■ WORK TASK: The expected output is the full set of entries, printed exactly, without pictures.

■ INFORMATION GIVEN:

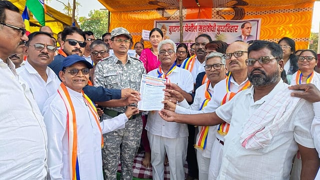 गडचिरोली : बोधगया येथील महाबोधी महाविहार बौद्धांच्या ताब्यात देण्यात यावे आणि बोधगया मंदिर व्यवस्थापन कायदा १९४९ मध्ये सुधारणा करण्याच्या मागणीसाठी आज बौद्ध महासभा आणि इतर आंबेडकरी संघटनांनी गडचिरोलीत धरणे आंदोलन केले.
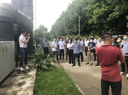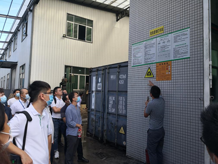为提升理论培训的实效,理论培训结束后,东莞市生态环境局执法二科柳东明科长带领参训人员赴现场实操。现场教学如何对喷淋塔、UV光解、活性炭处理设施进行“体检”,传授VOCs废气处理设施检查的技巧方法和注意事项,以及现场对固废危废的规范化管理和监管执法新要求作解说辅导。
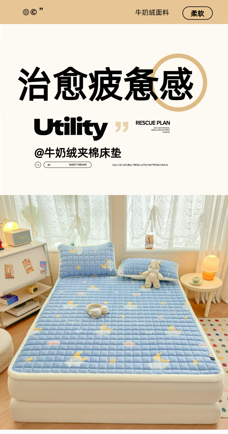 当前位置: 91家纺网 > 商品网购 > 床垫/床褥 > 普通床垫 > 爱屋及屋 2025新款牛奶绒印花床垫-大床款 蓝天白云
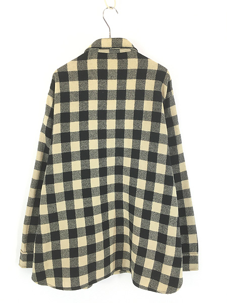 古着 80s USA製 LL Bean ブラック×オフホワイト ブロック チェック ヘビー ウール シャツ XL Tall
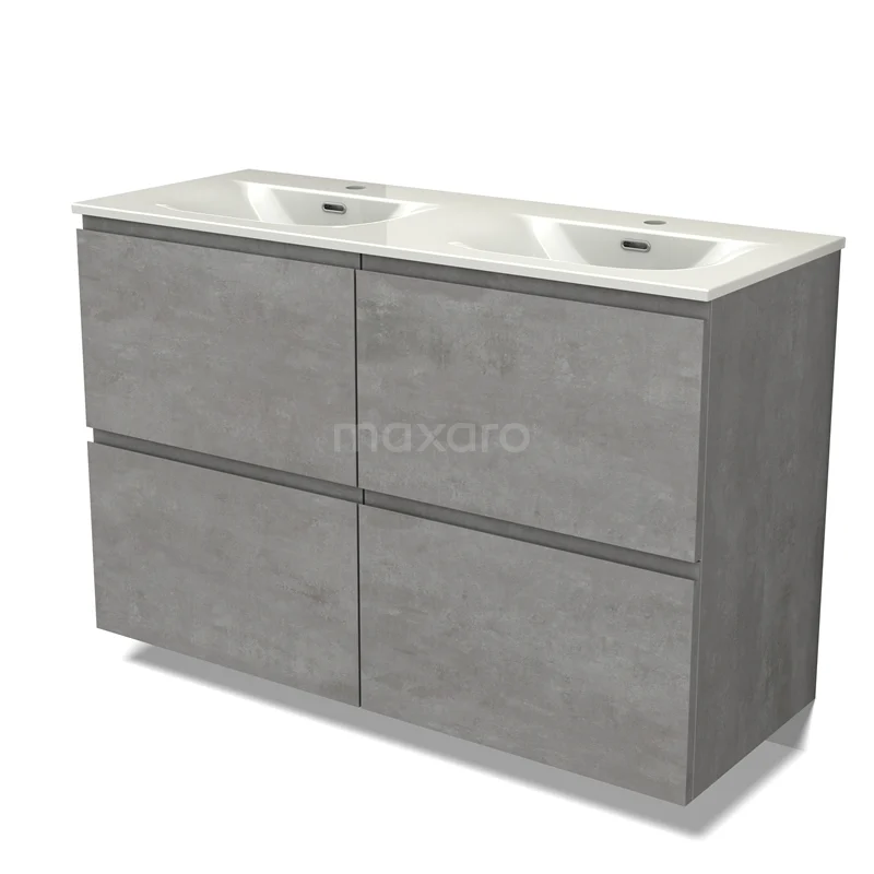 Modulo Waschtische | 120 cm Hellgrauer Beton Grifflos front Keramik 4 hohe Schubladen
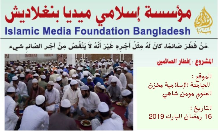 واصلت مؤسسة إسلامي ميديا بنغلاديش الخيرية تنفيذ حملة إفطار الصائمين الذي هو أحد مشروعاتها الرمضانية، حيث يستهدف المشروع توزيع الإفطار بين الصائمين والمحتاجين، انطلاقا من حديث النبي صلى الله عليه وسلم: (من فطر صائما, كان له مثل أجره غير أنه لا ينقص من أجر الصائم شيء).
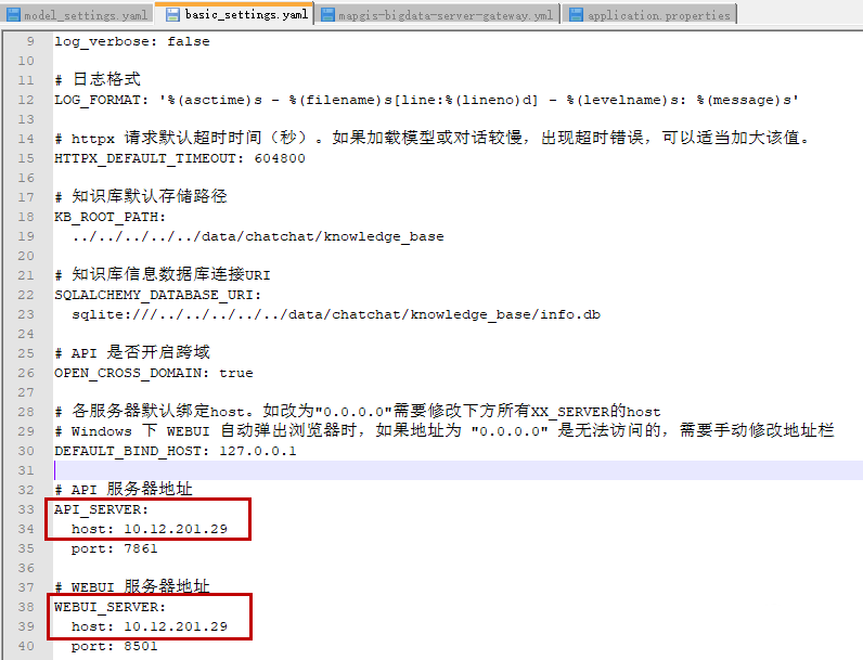 2. 修改"安装目录/config"目录下的"basic_settings.yaml"文件,将"API_SERVER" 和 "WEBUI_SERVER"修改为服务器真实IP。

■ TASK SOLUTION:
 गडचिरोली : बोधगया येथील महाबोधी महाविहार बौद्धांच्या ताब्यात देण्यात यावे आणि बोधगया मंदिर व्यवस्थापन कायदा १९४९ मध्ये सुधारणा करण्याच्या मागणीसाठी आज बौद्ध महासभा आणि इतर आंबेडकरी संघटनांनी गडचिरोलीत धरणे आंदोलन केले.
为提升理论培训的实效,理论培训结束后,东莞市生态环境局执法二科柳东明科长带领参训人员赴现场实操。现场教学如何对喷淋塔、UV光解、活性炭处理设施进行“体检”,传授VOCs废气处理设施检查的技巧方法和注意事项,以及现场对固废危废的规范化管理和监管执法新要求作解说辅导。
 当前位置: 91家纺网 > 商品网购 > 床垫/床褥 > 普通床垫 > 爱屋及屋 2025新款牛奶绒印花床垫-大床款 蓝天白云
 古着 80s USA製 LL Bean ブラック×オフホワイト ブロック チェック ヘビー ウール シャツ XL Tall
 Modulo Waschtische | 120 cm Hellgrauer Beton Grifflos front Keramik 4 hohe Schubladen
 واصلت مؤسسة إسلامي ميديا بنغلاديش الخيرية تنفيذ حملة إفطار الصائمين الذي هو أحد مشروعاتها الرمضانية، حيث يستهدف المشروع توزيع الإفطار بين الصائمين والمحتاجين، انطلاقا من حديث النبي صلى الله عليه وسلم: (من فطر صائما, كان له مثل أجره غير أنه لا ينقص من أجر الصائم شيء).
 2. 修改"安装目录/config"目录下的"basic_settings.yaml"文件,将"API_SERVER" 和 "WEBUI_SERVER"修改为服务器真实IP。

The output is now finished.